By: Emily Alpert Reyes and James Rufus Koren. Los Angeles Times.
Los Angeles voters will decide next month whether to nudge along the budding movement to create a public bank owned by the city.
The choice is a seemingly modest one: whether to alter the City Charter to allow L.A. to create a “purely commercial” enterprise.
City Council President Herb Wesson, who first floated the idea of a municipal bank more than a year ago, said the ballot measure is simply a way to gauge whether Angelenos want officials to explore a public bank before the city goes to the trouble of hammering out a detailed plan.
“If people say, ‘We don’t want you to do this,’ then we don’t move forward with it,” Wesson said.
But public banking advocates nonetheless see Charter Amendment B as a potential watershed moment — one that could help shape the debate about public banks for years to come.
If the ballot measure passes, advocates say it would bring fresh momentum to the public banking movement, as Los Angeles could be the first jurisdiction in the U.S. where voters have signed off on the idea.

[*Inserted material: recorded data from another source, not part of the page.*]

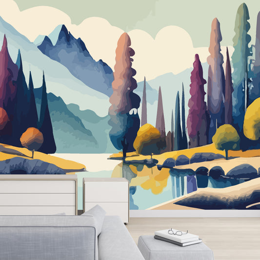 Dreamy Lakeside Full Wall Mural
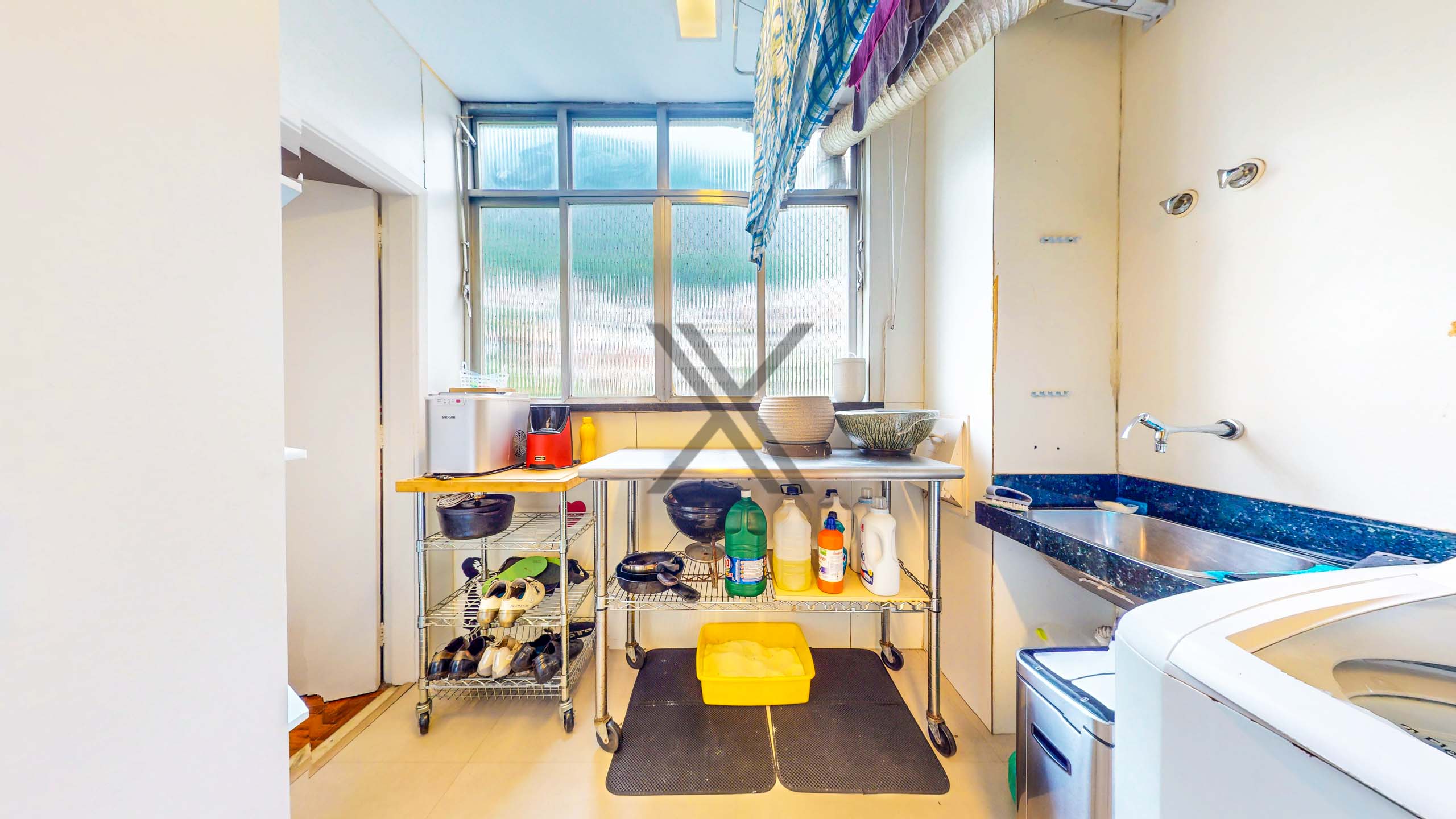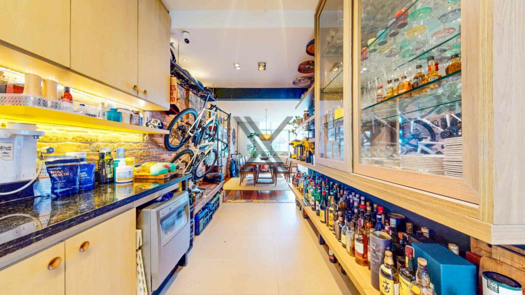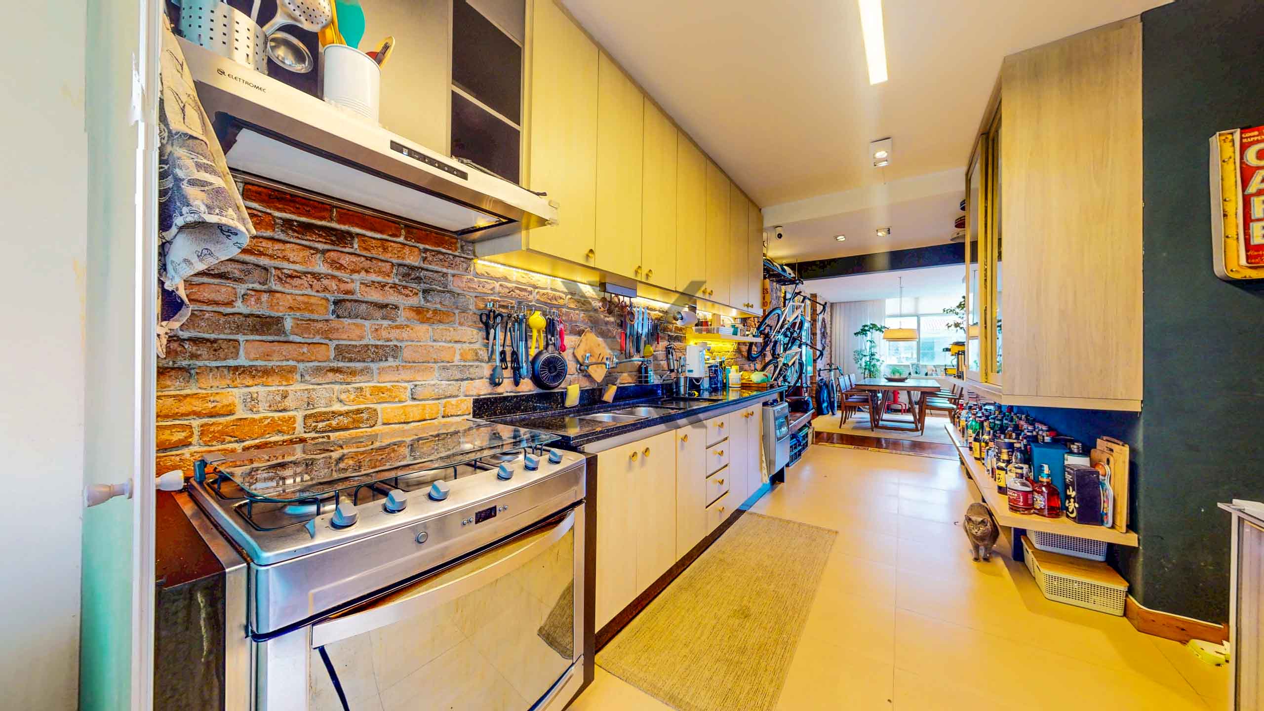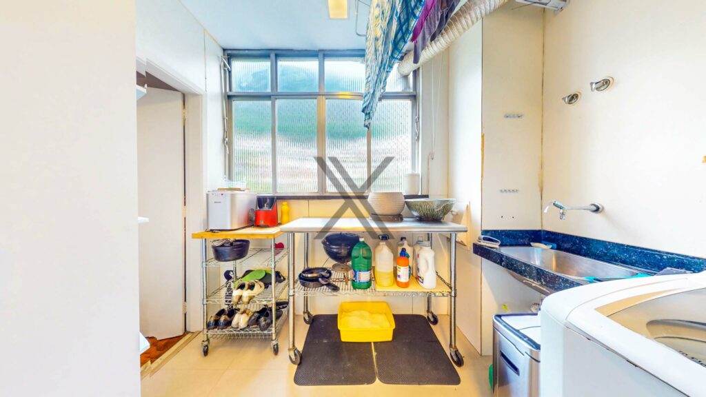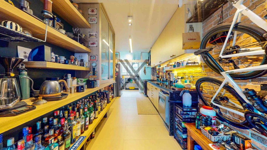 A cozinha, em conceito aberto, está integrada à área social e conta com muitos armários planejados, bancadas para apoio e organização, além de bom espaço de circulação. Ao lado, temos a lavanderia e uma dependência completa para funcionários.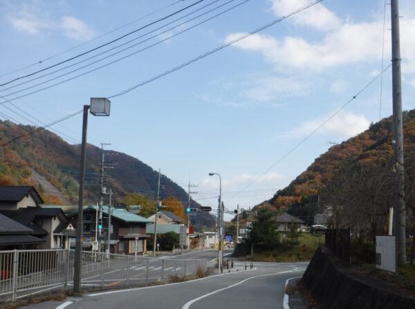 まずは「笹子駅入口」丁字路信号の横断歩道をわたる。
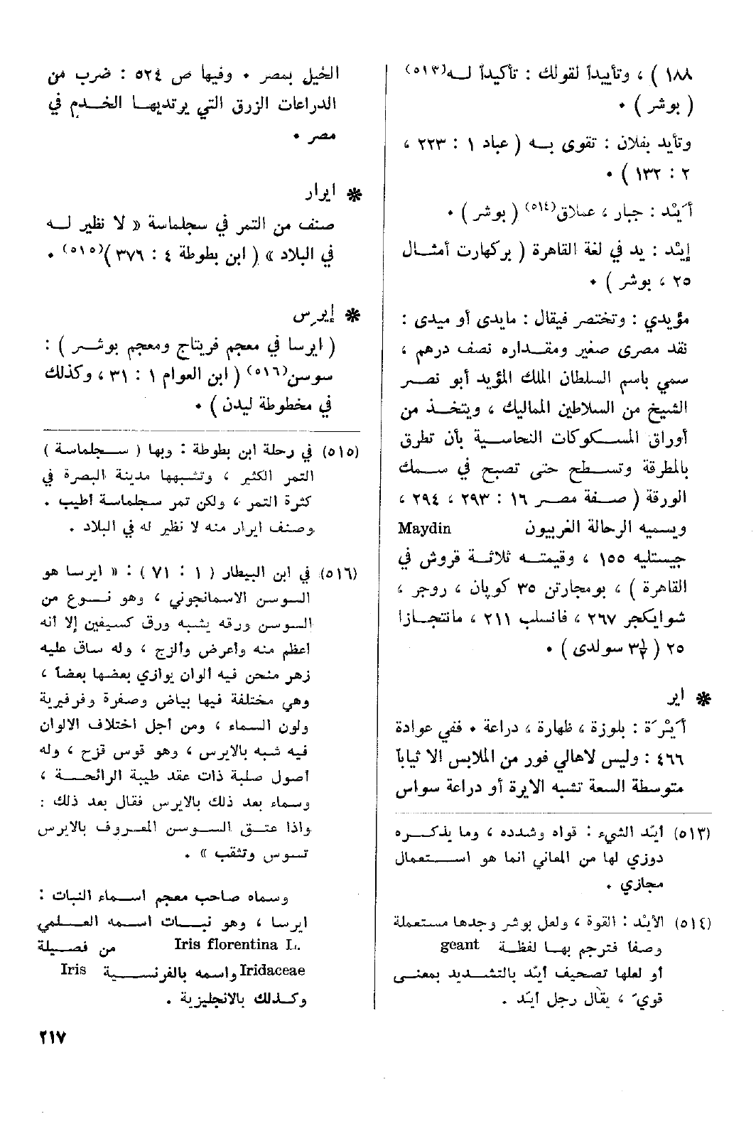 • أيرِس: (ايرسا في معجم فريتاج ومعجم بوشر): سوسن (ابن العوام 1: 31، وكذلك في مخطوطة ليدن).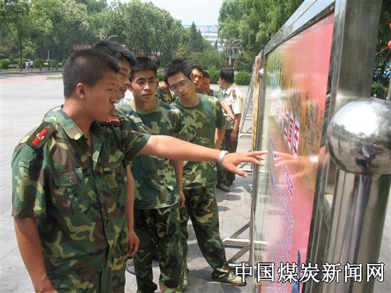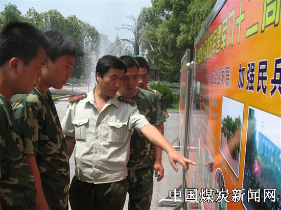 本网讯   为引深国防教育,弘扬人民解放军的优良传统和作风,使广大预备役官兵和民兵树立居安思危的思想。7月28日,阳煤五矿武保部在办公楼门前集中进行了国防教育和爱国主义牌板展。图为预备役官兵和民兵正在接受国防教育。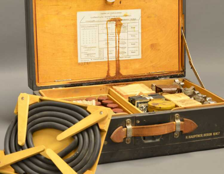 De Tweede Wereldoorlog heeft niet alleen grote invloed op mensen, maar ook op dieren. Ze worden bijvoorbeeld slachtoffer van luchtaanvallen of moeten samen met mensen evacueren. Deze kist van het Duitse merk Hauptner wordt gemaakt om makkelijk te vervoeren en dieren ter plekke te verzorgen. Er zit onder andere verband, zalf en schoon water in. Maar ook een handleiding voor dierenartsen, die uitlegt hoe je een dier kan behandelen na een gifgasaanval.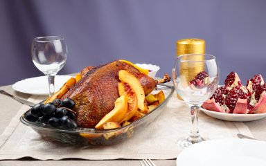 На запікання піде близько години. Проткніть качку ножем. Якщо з проколу потекла прозора рідина, м’ясо готове.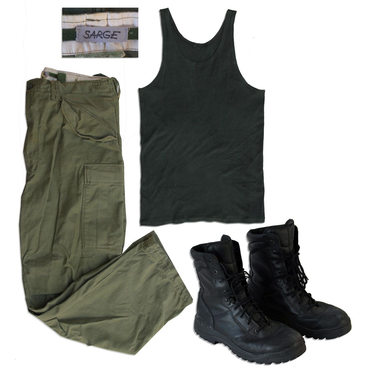 Costume worn by Dwayne ''The Rock'' Johnson as Gunnery Sergeant Asher ''Sarge'' Mahonin in action feature ''Doom''. Civilian costume comprises: (1) a pair of khaki green cargo pants labelled ''Sarge'' in size L, (2) dark green tank top and (3) a pair of black combat boots in UK size 12 labeled ''#2 Sarge''. Near fine. With wardrobe department's tag and a COA from the Prop Store.
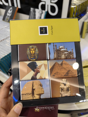 【伴手礼】纸莎草画、香精瓶、贝壳首饰盒、Patchi巧克力、Abu Auf饼干等零食、埃及棉制品。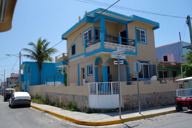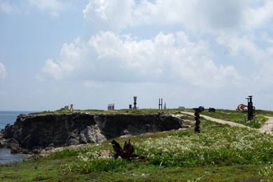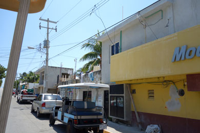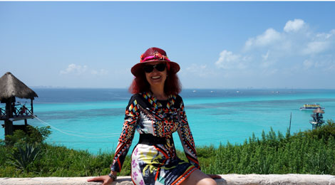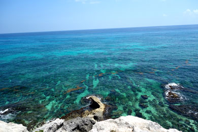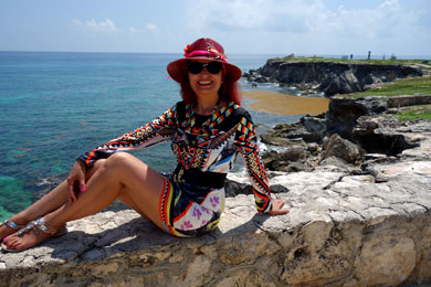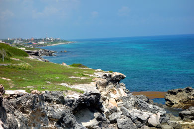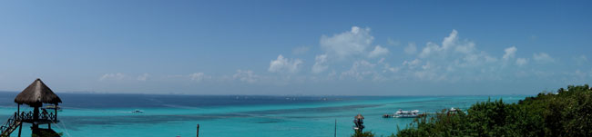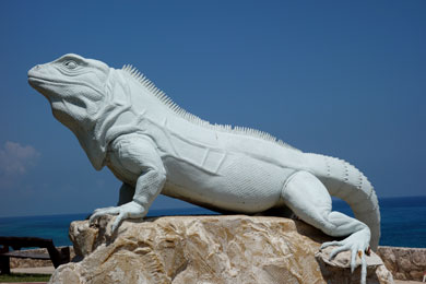 | Die Insel ist nur ca. 500 m breit und 7,5 km lang. Obwohl lt. Reiseführer der September zu den regenreichsten Monaten gehört, habe ich wie immer Glück mit dem Wetter! Dies trotz Hurrikan-Zeit, die von Juni bis November geht. Deshalb sehe ich auch hier keine europäischen Touris, nur wenige Mexikaner. Es gibt viele Attraktionen, angefangen von Schwimmen mit Walhaien bis zum Skulpturengarten an der Punta Sur. Ich entscheide mich für eine Rundfahrt mit einem Golf Cart, zusammen mit einem Pärchen und der Fahrerin sind wir zu viert. |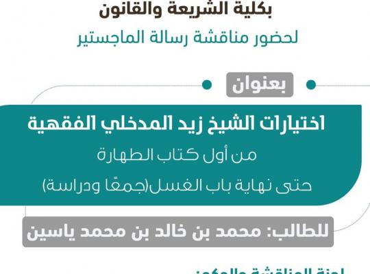 يدعوكم قسم الشريعة بكلية الشريعة والقانون لحضور مناقشة رسالة الماجستير بعنوان: اختيارات الشيخ زيد المدخلي الفقهية من أول كتاب الطهارة حتى نهاية باب الغسل ( جمعاً ودراسة )
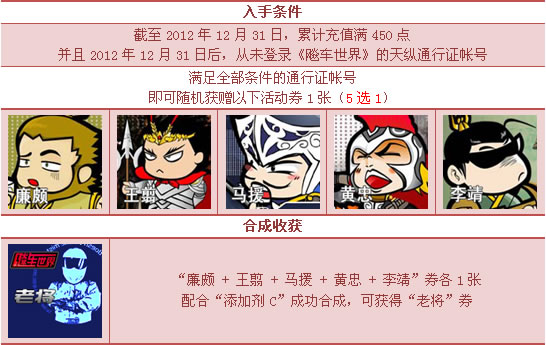 友情提示:本活动涉及的5种活动券(廉颇、王翦、马援、黄忠、李靖),将在4月22日前逐批颁发给满足条件的天纵通行证帐号。届时每个天纵通行证帐号可随机获赠其中之一,敬请查收!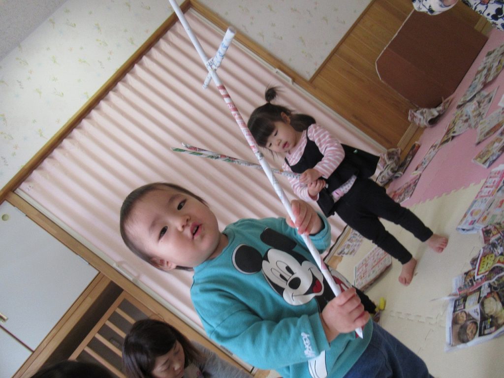 鬼が大好きなひよこ組さん!今日は鬼を倒すために、節分の予行練習をしました☆ 新聞紙でかっこいい武器を作る中、まさかの自分達が鬼に!! カメラに向かってはい、ポーズ☆ 最近はなりきって遊ぶことができるようになり、自分たちな […]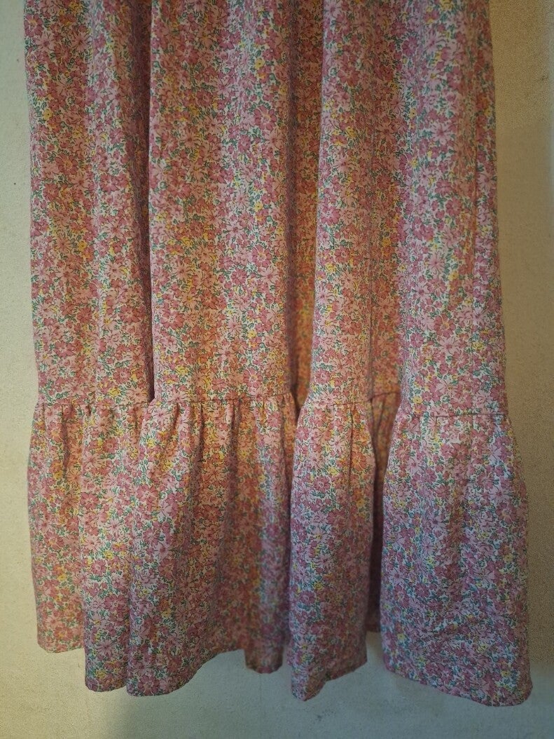 Leichtes langes (118cm) sommerkleid mit Rüschen und unten einem breiten Volant Taille mit Gummizug von 38-mindestens 46cm eine Seite gemessen keine taschen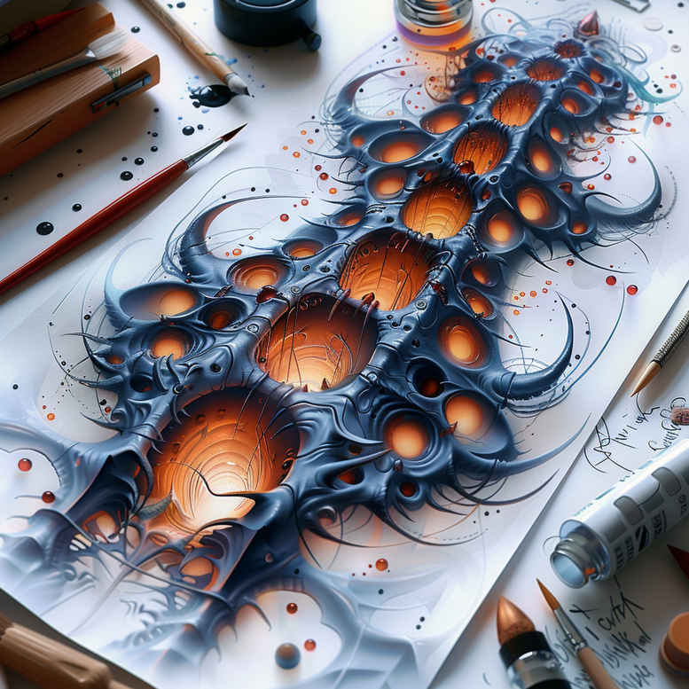 This biomechanical tattoo design presents a ribcage motif fused with organic gears and sinewy lines, rendered in a vibrant blue and orange palette. The composition threads a central spine-like column along the torso, with curved tubular shapes and porous cavities that emulate muscle and biomechanical architecture. The shading blends smooth gradient transitions and micro dotwork to create depth, with high-contrast edges to emphasize the mechanical anatomy beneath the skin. The repetition of circular voids forms a micro-pattern that adds rhythm across the piece, guiding the eye along the ribcage contour and into extending tendrils. The concept sits at the intersection of anatomy and machinery, invoking themes of resilience, transformation, and the intimate relationship between biology and engineered art. As a tattoo concept, this piece can be adapted to suit upper chest or back panels, with the gears representing hidden strength and the organic networks symbolizing life’s connective tissue. The use of blue and orange hues gives a vibrant, modern look while maintaining readability on the skin, and the overall style leans toward biomechanical realism rather than purely illustrative. For readers exploring meaningful tattoos or small tattoos, this design offers a bold statement that remains adaptable for different sizes. Occasionally this tattoo concept is AI-generated, which informs its crisp lines and consistent patterning. Intended for a professional studio, the design emphasizes clean line work, subtle color shifts, and durable placement across energy-rich muscle areas.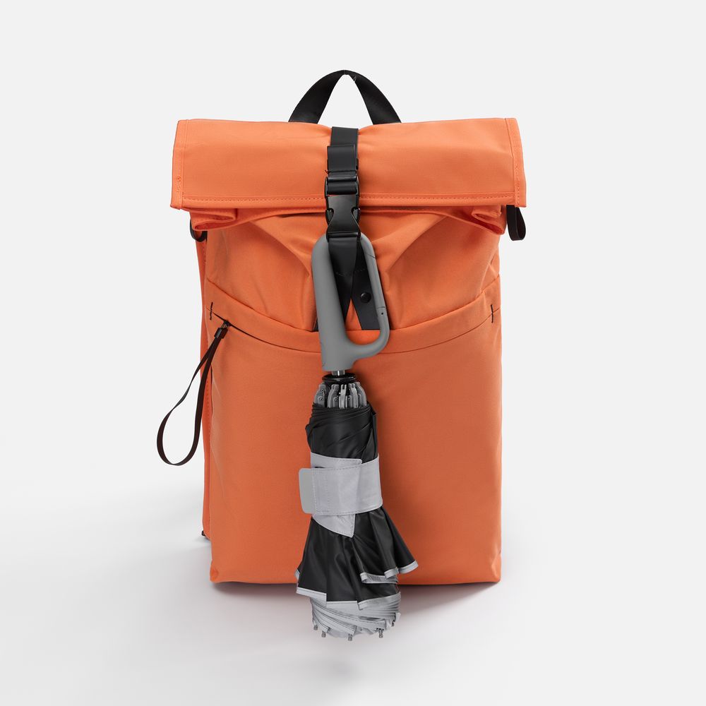 Складываясь после дождя, он прячет мокрую поверхность внутри, а сухая остается снаружи — в закрытом положении зонт не побеспокоит окружающих и не намочит одежду. За ручку-карабин зонт удобно подвесить, например, на рюкзак.

There are only two public banks in the United States and its territories: the Bank of North Dakota, which was founded nearly a century ago, and the recently formed Territorial Bank of American Samoa, which was created after commercial banks decided to stop doing business in the seven-island territory.
Economic justice groups and other advocacy organizations have backed the idea of financial institutions owned by cities or states as an alternative that could save money on banking fees, avoid risky financial schemes and predatory lending, refinance public debt at lower rates and generate profit that could be invested to help the community.
Backers have pointed to recent scandals at Wells Fargo, which admitted to creating as many as 3.5 million unauthorized accounts, as an example of the ills of the financial services industry.
They have also highlighted the successes of the Bank of North Dakota, arguing that it successfully weathered the last recession without the bailouts that went to Wall Street banks, and has returned tens of millions of dollars in profits to state coffers.
The ballot measure is “the first step in a process where Angelenos will decide what kind of bank they want to put their money in — the Wall Street banks that crashed the economy and invest in guns and oil — or a public institution that invests in Los Angeles,” wrote David Jette, legislative director for Public Bank L.A., a local group advocating for the measure.